After getting correlation coefficients with sliding_windows, we try to merge some samples within a cluster to decrease the noise of the all correlations. We have to put cor_shreshold, dictionary, mirna_sam, gene_sam, miRNA_total and Realdata from sliding_windows into the function.
Result_TCGA_LUSC =segcluster_peakmerge(cor_shreshold_peak=0.85,dictionary=dictioanry,miRNA_total=miRNA_total,mirna_sam=mirna_sam,gene_sam=gene_sam,Realdata=Realdata)

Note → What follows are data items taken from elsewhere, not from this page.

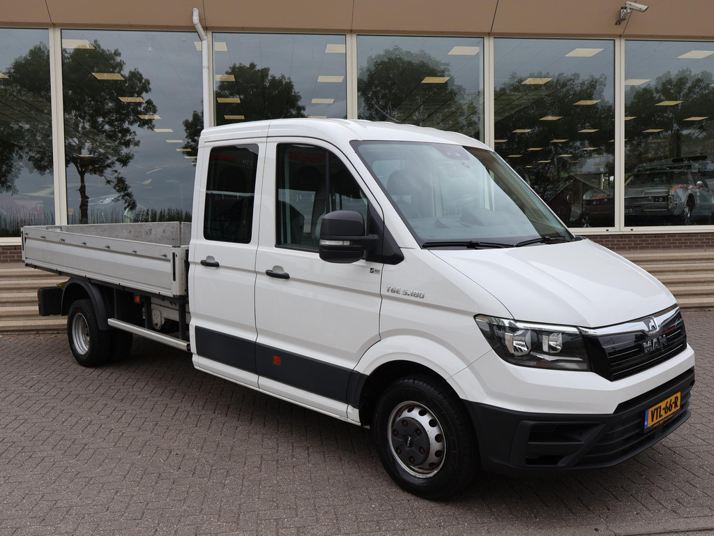 Extra lange uitvoering van de MAN TGE met de extra verzwaarde achteras met dubbel lucht, de 5.180 / TGE 50 uitvoering, Teruggekeurd naar 3500 kg dus gewoon B-rijbewijs, Trekhaak met 3500 kg trekgewicht op kenteken, zowel een vangmuil als trekhaakkogel aanwezig, 7-persoons grijs kenteken dubbel cabine met open laadbak met aluminium schotten met 349 cm laadlengte, 203 cm breedte en 40 cm schothoogte. Standkachel origineel vanaf fabriek, Apple Carplay / Android Auto appstreaming Google Maps, Flitsmeister, Spotify etc, Navigatie touch-screen, Achteruitrijcamera, Airco, Spraaksturing, Bluetooth met audiostreaming, Digitale tachograaf, In juni 2025 is de turbo vervangen, Prijs is exclusief BTW.
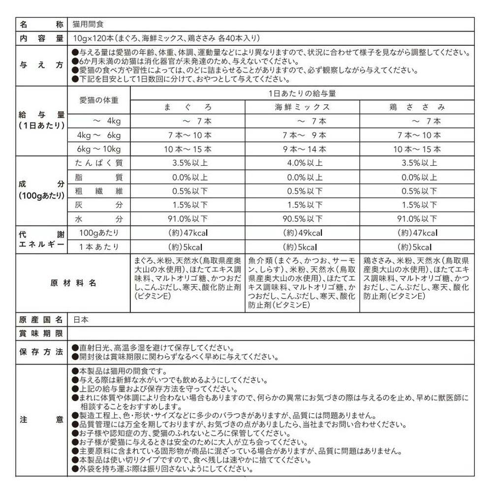 まぐろ:まぐろ、米粉、海鮮ミックス:魚介類(まぐろ、かつお、サーモン、しらす)、米粉,鶏ささみ:鶏ささみ米粉3種類共通:天然水(奥大山の水),ほたてエキス調味料,マルトオリゴ糖,かつおだし,こんぶだし,寒天,酸化防止剤(ビタミンE)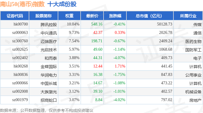 近10日内南山50(港币)(980024)指数成份股做了调整,新纳入了1只股票。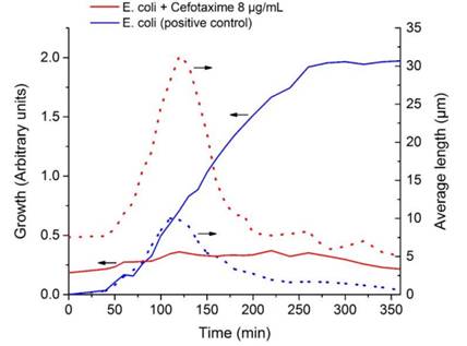 結果表明,用頭孢噻肟處理誘導產生絲狀體然后裂解細菌細胞,從而顯著增加了大腸桿菌菌株的長度。菌絲在約90分鐘達到峰值,平均細胞長度約為30μm(圖a,c)。與此一致,介電電泳檢測的頭孢唑林處理的大腸桿菌的β-內酰胺誘導的伸長在培養120分鐘后顯示細菌細胞長度的峰值。對抗生素耐藥性和敏感性大腸桿菌中細絲形成的檢查表明,細絲形成是接種2小時后對頭孢噻肟的初始反應。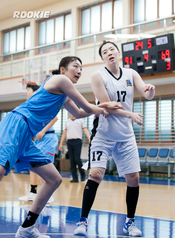 우리은행의 엄다영이 골밑에서 자리싸움을 펼치고 있다.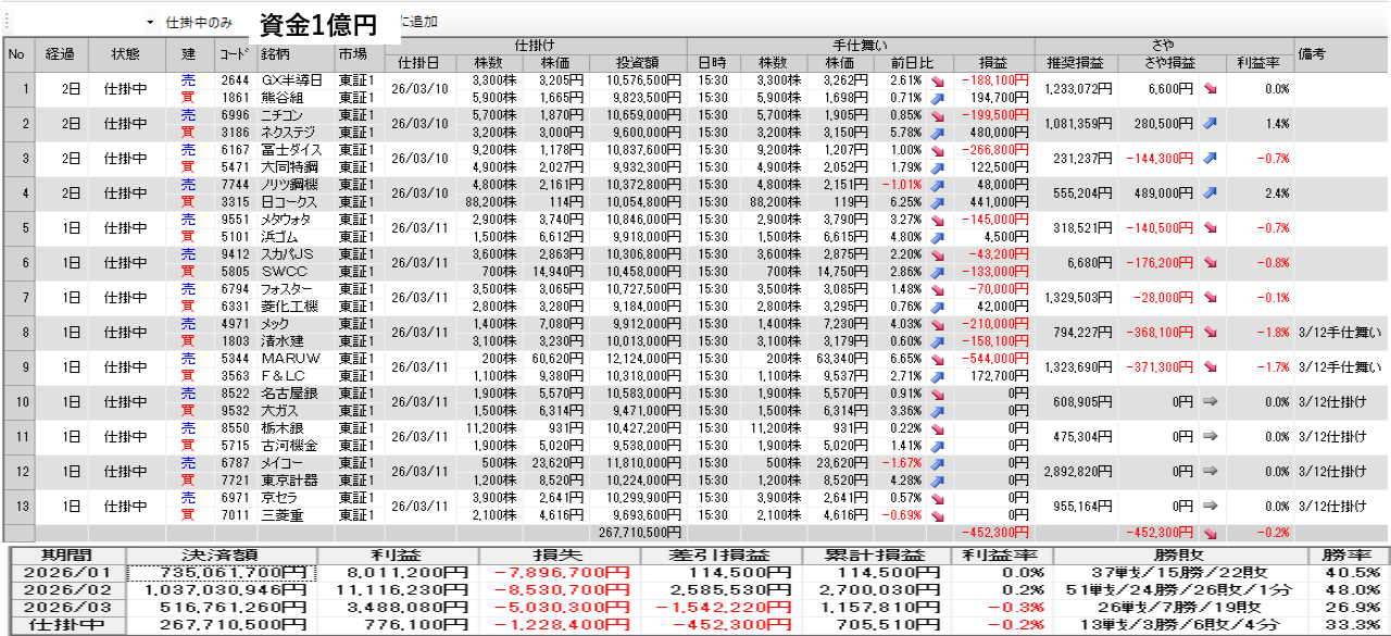 取引の明日の仕掛け手仕舞いは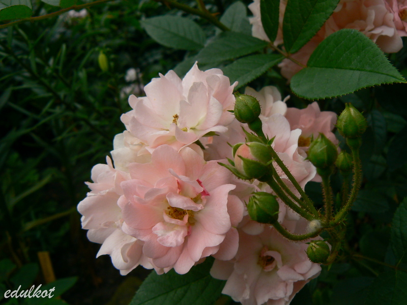 Kwiaty: małe 3-5 cm, półpełne (16-25 płatków), miseczkowate, różowo-pomarańczowo-łososiowe do białego, zebrane po kilkanaście na końcach pędów na kształt pomponików, powtarza kwitnienie;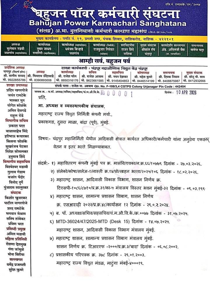 संघटनेने सादर केलेल्या पत्रात स्पष्ट करण्यात आले आहे की, चंद्रपूर जिल्ह्यातील दुर्गापूर आणि ऊर्जानगर हे भाग आदिवासी बहुल क्षेत्रात येतात. महावितरणने यापूर्वीच आपल्या कर्मचाऱ्यांसाठी हे भत्ते लागू करण्याचे आदेश दिले आहेत, मग एकाच होल्डिंग कंपनीच्या छत्राखाली असलेल्या महानिर्मितीमध्ये हा दुजाभाव का? या प्रश्नासह संघटनेचे केंद्रीय समन्वयक आयु. मनोज चतुर, मुख्य संघटक श्रीकांत रॉय आणि शाखा सचिव राजेश आत्राम यांनी पुराव्यांची मोठी शिदोरीच प्रशासनासमोर मांडली आहे.

The function will cluster noisy correlation into neighboring regions of distinct correlation levels. And then do the peak merging by considering low probability of multi-peaks occurring. Also, the segments with few samples detected by circular binary segmentation which are less than three and make no sense to the interactions would merge to a single peak. The output will be Result_TCGA_LUSC, a list format with miRNAs,candidate ceRNA-ceRNA pirs,peak locations, and the number of samples occuring ceRNA-ceRNA interactions.
After the peak merge, we will sort the information of miRNA and ceRNA to find out triplets. We should put dictionary and Result_TCGA_LUSC from segcluster_peakmerge into the function.
miRhubgeneoutput=miRhubgene(dictionary=dictionary,Result_TCGA_LUSC= Result_TCGA_LUSC)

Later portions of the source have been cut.